_Extracted records_
* * * *

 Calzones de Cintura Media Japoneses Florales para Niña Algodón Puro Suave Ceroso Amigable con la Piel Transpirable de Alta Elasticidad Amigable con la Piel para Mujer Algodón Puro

* * * *

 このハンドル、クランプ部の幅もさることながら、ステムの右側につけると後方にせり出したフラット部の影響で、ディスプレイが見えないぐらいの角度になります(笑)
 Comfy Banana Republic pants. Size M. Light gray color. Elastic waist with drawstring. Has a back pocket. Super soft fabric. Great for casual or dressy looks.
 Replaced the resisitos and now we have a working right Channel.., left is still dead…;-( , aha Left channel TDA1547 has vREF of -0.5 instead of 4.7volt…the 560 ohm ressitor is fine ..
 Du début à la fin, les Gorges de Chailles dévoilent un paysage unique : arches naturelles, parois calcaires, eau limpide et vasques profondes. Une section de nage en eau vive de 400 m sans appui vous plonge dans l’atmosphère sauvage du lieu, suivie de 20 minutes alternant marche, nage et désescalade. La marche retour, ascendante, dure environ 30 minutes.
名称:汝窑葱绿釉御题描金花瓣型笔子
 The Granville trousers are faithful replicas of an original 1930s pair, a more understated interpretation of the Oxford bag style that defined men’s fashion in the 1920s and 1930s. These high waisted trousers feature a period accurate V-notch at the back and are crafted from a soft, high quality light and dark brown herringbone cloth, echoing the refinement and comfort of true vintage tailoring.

* * * *

_Problem statement_
Only one stretch of the data above is needed. Restate it word for word, from the line containing "Comfy Banana Republic" through the line containing "Replaced the resisitos", both ends included.

_Answer box_
 Comfy Banana Republic pants. Size M. Light gray color. Elastic waist with drawstring. Has a back pocket. Super soft fabric. Great for casual or dressy looks.
 Replaced the resisitos and now we have a working right Channel.., left is still dead…;-( , aha Left channel TDA1547 has vREF of -0.5 instead of 4.7volt…the 560 ohm ressitor is fine ..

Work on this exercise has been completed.